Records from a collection
- - - - - - -

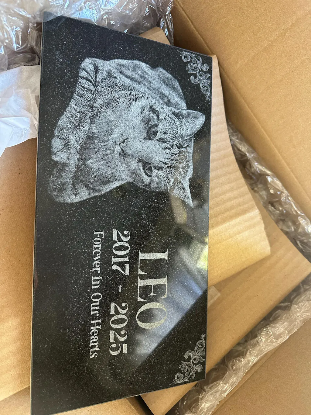 These pet headstones come in various sizes and styles, and we offer custom engraving options for both text and imagery to ensure the perfect remembrance for your pet.
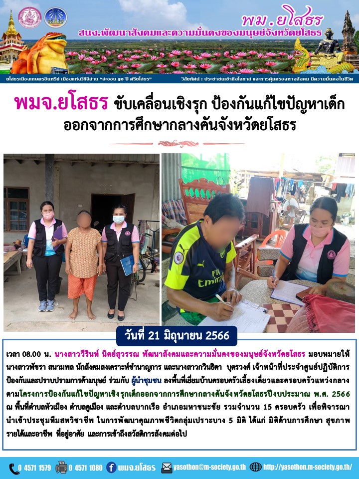 พมจ.ยโสธร ขับเคลื่อนเชิงรุก ป้องกันแก้ไขปัญหา เด็กออกจากการศึกษากลางคันจังหวัดยโสธร (21 มิถุนายน 2566)
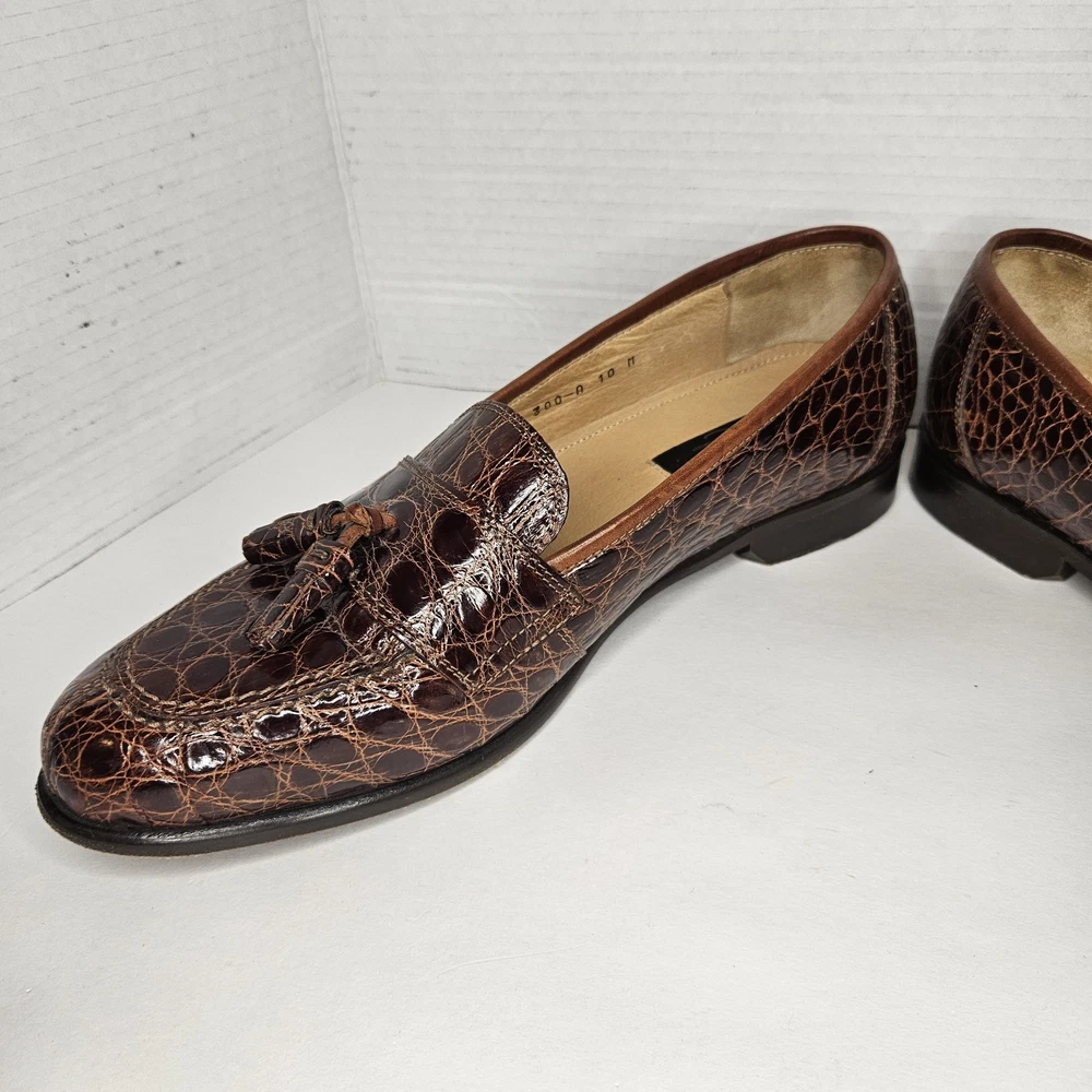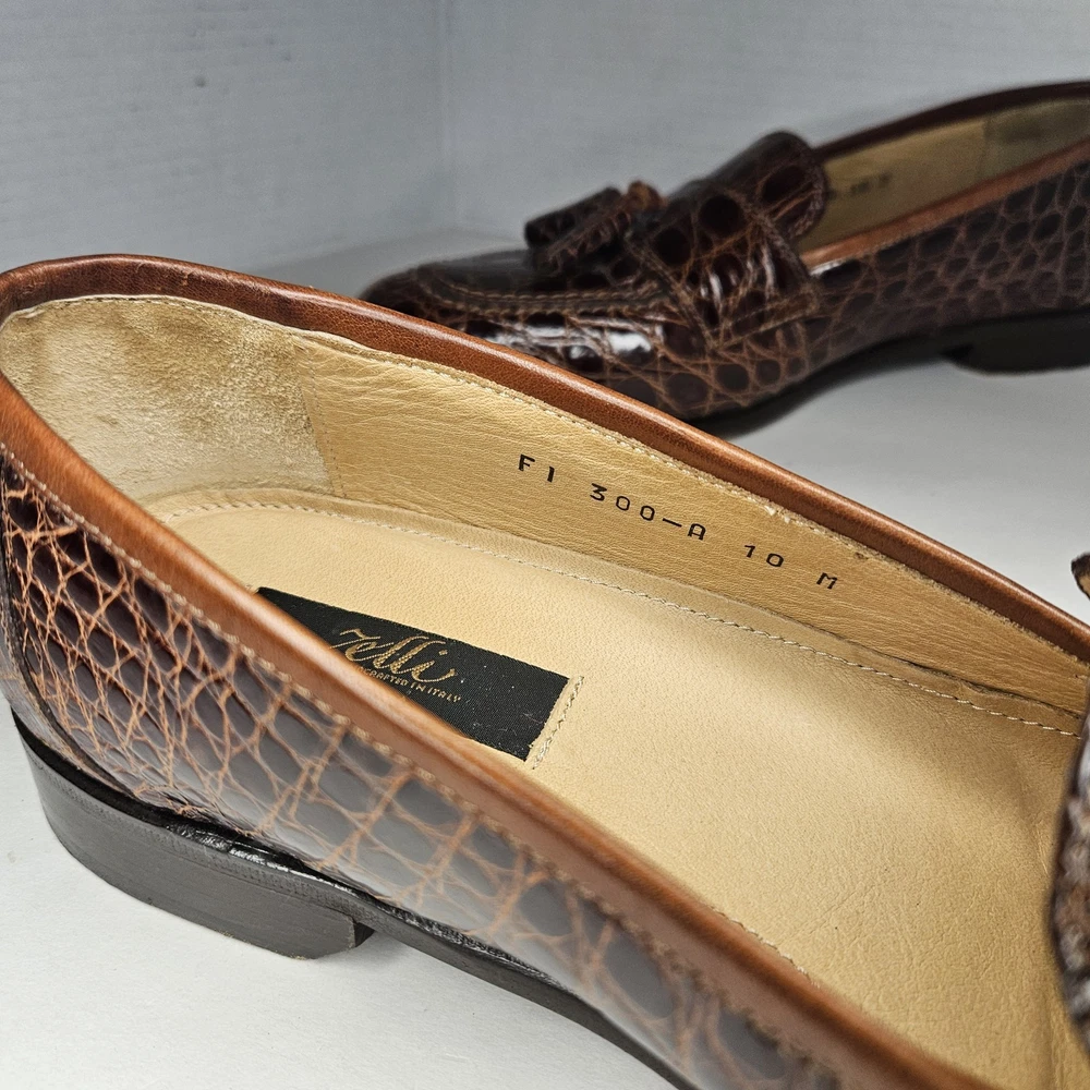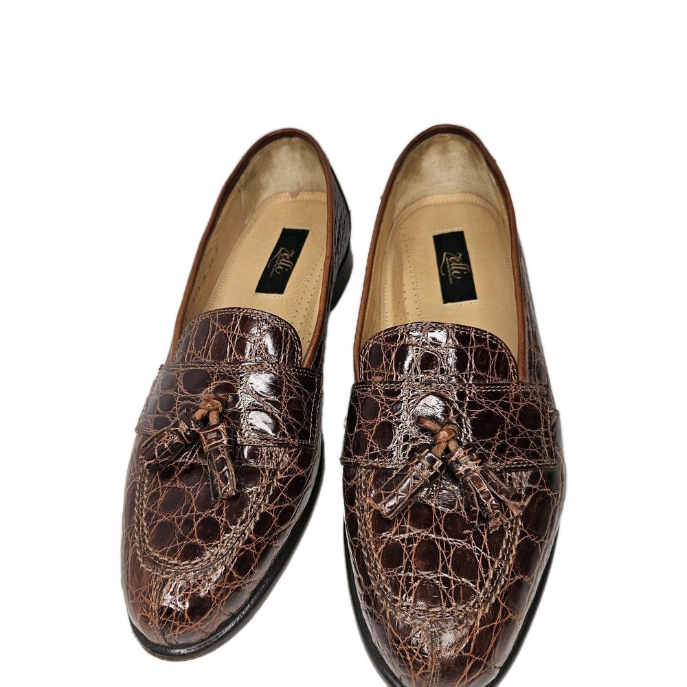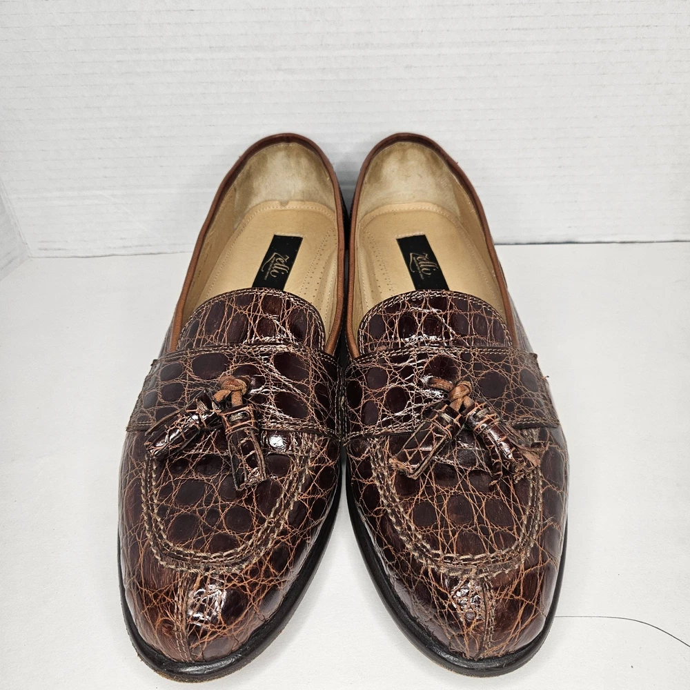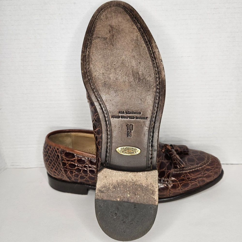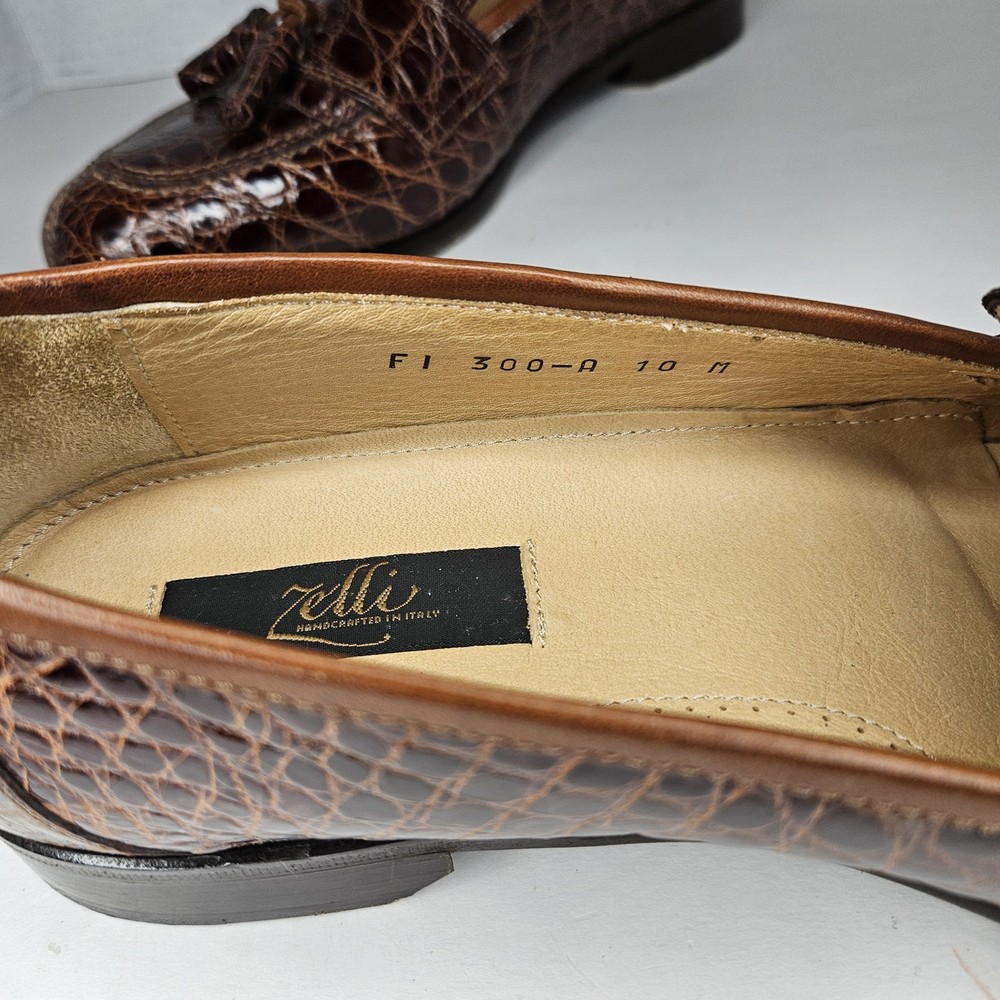 Authentic Zelli men’s luxury loafers crafted from genuine crocodile leather and handcrafted in Italy. These elegant tassel loafers feature rich brown exotic leather with a high-gloss finish, classic penny/tassel loafer styling, and premium leather lining and sole. Marked “Genuine Crocodile” on the sole and “All Leather – Handcrafted in Italy”, confirming authenticity and craftsmanship. A rare and highly sought-after style from one of the world’s most prestigious men’s luxury brands. Details: Brand: Zelli Material: Genuine Crocodile Leather Style: Tassel Loafer / Dress Shoe Color: Brown Size: Men’s 10 M Made in Italy Leather lining and sole Slip-on design Condition Notes: Pre-owned with normal wear consistent with light use. Some surface creasing and sole wear present (see photos for exact condition). Minor print transfer on insole from aftermarket insoles that were worn with these (see photos). No structural issues noted. Perfect for collectors, luxury fashion enthusiasts, or anyone looking to own an elite Italian exotic leather shoe at a fraction of retail. 📦 Ships carefully packaged 📸 Please review all photos — they are part of the description ❓ Message with any questions before purchase
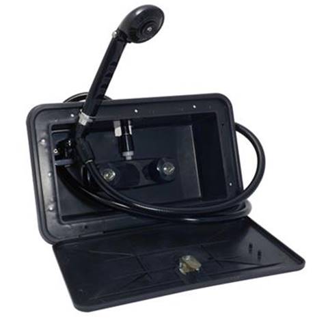 - Hand held shower head with fixed position swivel bracket and trickle shut-off
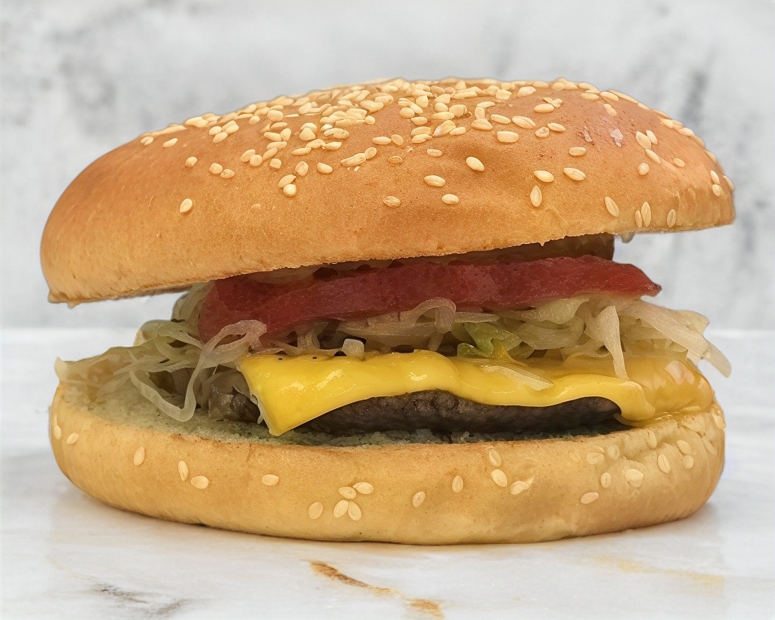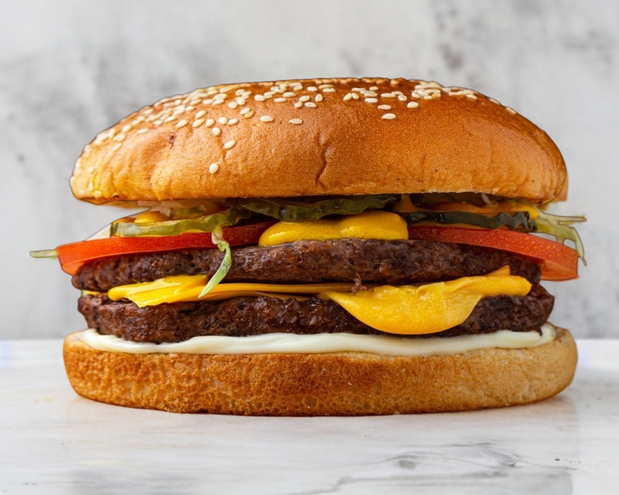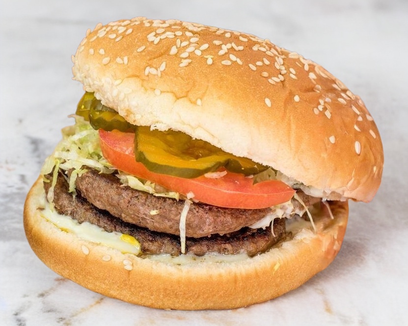 Hamburguesa con doble carne y doble queso amarillo con lechuga, tomate, pepinillos, mayonesa y mostaza

- - - - - - -

### Requirement
Copy the data in full. No pictures belong in the copy.

### Response
 These pet headstones come in various sizes and styles, and we offer custom engraving options for both text and imagery to ensure the perfect remembrance for your pet.
 พมจ.ยโสธร ขับเคลื่อนเชิงรุก ป้องกันแก้ไขปัญหา เด็กออกจากการศึกษากลางคันจังหวัดยโสธร (21 มิถุนายน 2566)
 Authentic Zelli men’s luxury loafers crafted from genuine crocodile leather and handcrafted in Italy. These elegant tassel loafers feature rich brown exotic leather with a high-gloss finish, classic penny/tassel loafer styling, and premium leather lining and sole. Marked “Genuine Crocodile” on the sole and “All Leather – Handcrafted in Italy”, confirming authenticity and craftsmanship. A rare and highly sought-after style from one of the world’s most prestigious men’s luxury brands. Details: Brand: Zelli Material: Genuine Crocodile Leather Style: Tassel Loafer / Dress Shoe Color: Brown Size: Men’s 10 M Made in Italy Leather lining and sole Slip-on design Condition Notes: Pre-owned with normal wear consistent with light use. Some surface creasing and sole wear present (see photos for exact condition). Minor print transfer on insole from aftermarket insoles that were worn with these (see photos). No structural issues noted. Perfect for collectors, luxury fashion enthusiasts, or anyone looking to own an elite Italian exotic leather shoe at a fraction of retail. 📦 Ships carefully packaged 📸 Please review all photos — they are part of the description ❓ Message with any questions before purchase
 - Hand held shower head with fixed position swivel bracket and trickle shut-off
 Hamburguesa con doble carne y doble queso amarillo con lechuga, tomate, pepinillos, mayonesa y mostaza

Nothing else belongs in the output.